[[ Recorded data open ]]
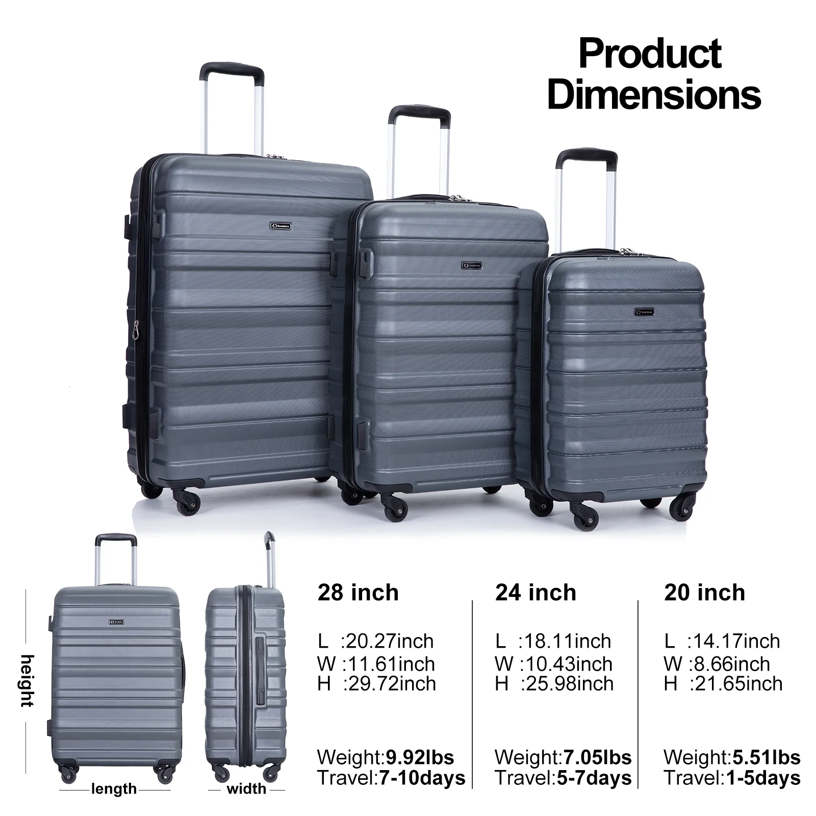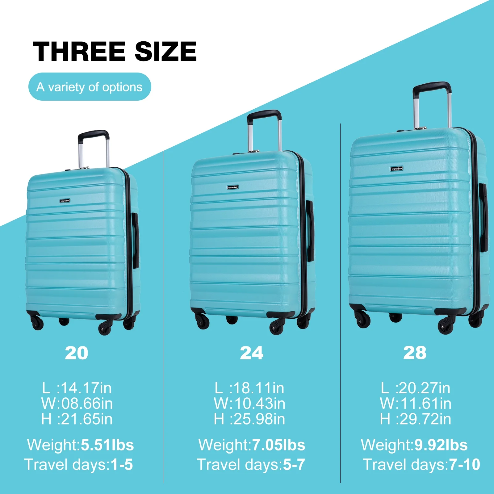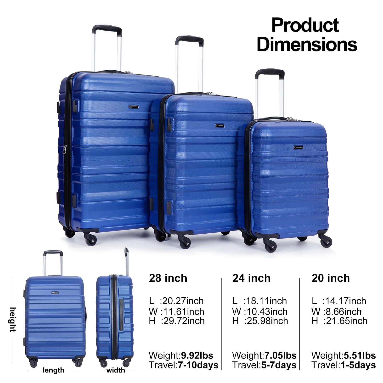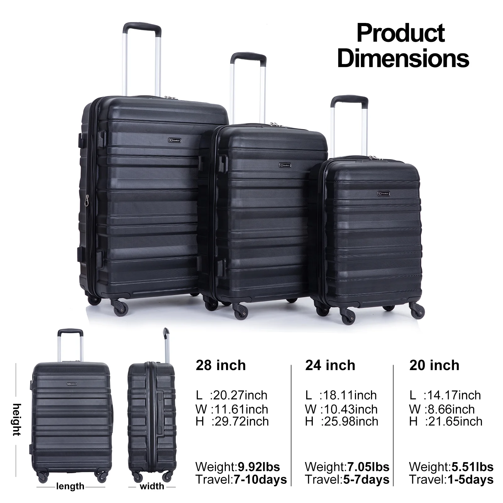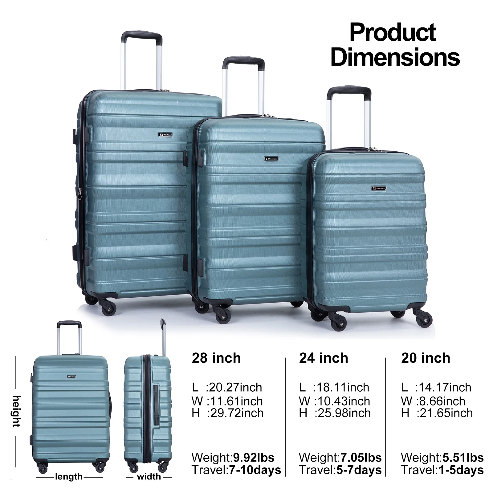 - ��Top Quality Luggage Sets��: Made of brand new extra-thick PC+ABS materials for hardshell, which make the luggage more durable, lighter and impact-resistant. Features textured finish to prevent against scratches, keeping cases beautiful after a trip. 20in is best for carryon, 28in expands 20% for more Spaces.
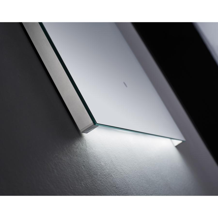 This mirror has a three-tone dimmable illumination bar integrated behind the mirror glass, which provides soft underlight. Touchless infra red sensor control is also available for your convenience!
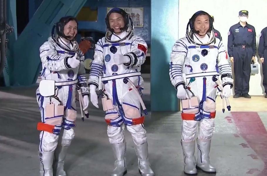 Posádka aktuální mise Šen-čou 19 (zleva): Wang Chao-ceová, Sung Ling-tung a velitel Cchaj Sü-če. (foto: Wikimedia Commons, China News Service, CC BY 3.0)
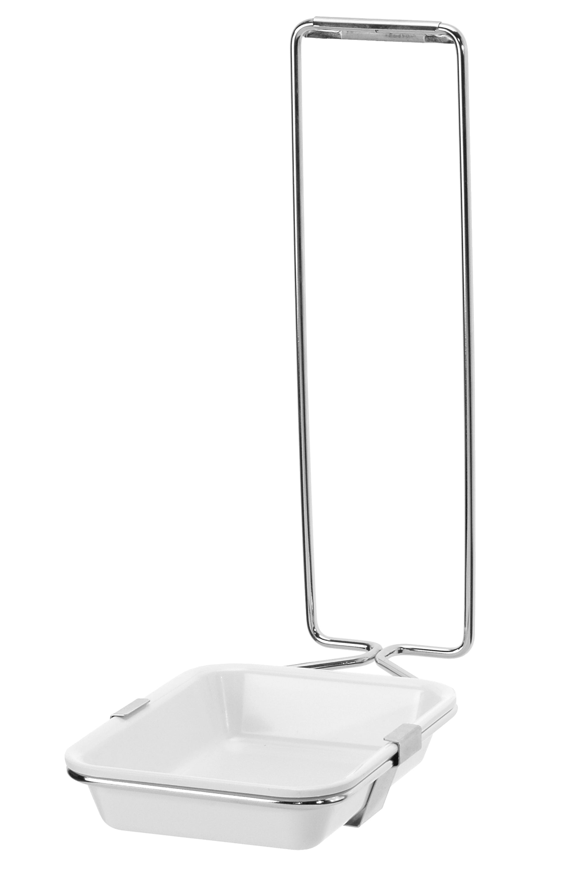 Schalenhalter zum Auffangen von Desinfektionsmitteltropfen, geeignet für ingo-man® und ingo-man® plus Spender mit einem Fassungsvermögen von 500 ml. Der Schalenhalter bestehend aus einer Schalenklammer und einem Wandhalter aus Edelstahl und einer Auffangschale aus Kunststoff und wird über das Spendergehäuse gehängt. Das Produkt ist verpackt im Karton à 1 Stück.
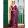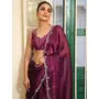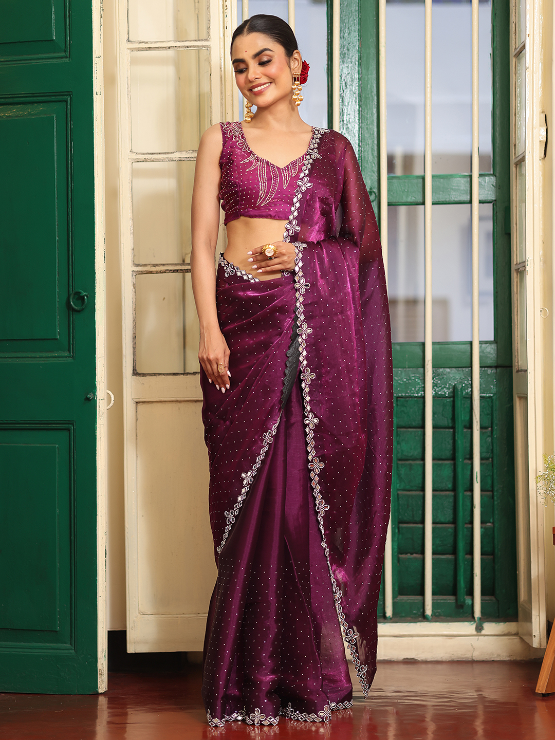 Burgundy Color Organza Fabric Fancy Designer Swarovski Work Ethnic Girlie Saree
[[ Recorded data closed ]]
Work required: With pictures omitted, reproduce exactly the lines from the line containing "This mirror has" through the end of the data above.

Task solution:
 This mirror has a three-tone dimmable illumination bar integrated behind the mirror glass, which provides soft underlight. Touchless infra red sensor control is also available for your convenience!
 Posádka aktuální mise Šen-čou 19 (zleva): Wang Chao-ceová, Sung Ling-tung a velitel Cchaj Sü-če. (foto: Wikimedia Commons, China News Service, CC BY 3.0)
 Schalenhalter zum Auffangen von Desinfektionsmitteltropfen, geeignet für ingo-man® und ingo-man® plus Spender mit einem Fassungsvermögen von 500 ml. Der Schalenhalter bestehend aus einer Schalenklammer und einem Wandhalter aus Edelstahl und einer Auffangschale aus Kunststoff und wird über das Spendergehäuse gehängt. Das Produkt ist verpackt im Karton à 1 Stück.
 Burgundy Color Organza Fabric Fancy Designer Swarovski Work Ethnic Girlie Saree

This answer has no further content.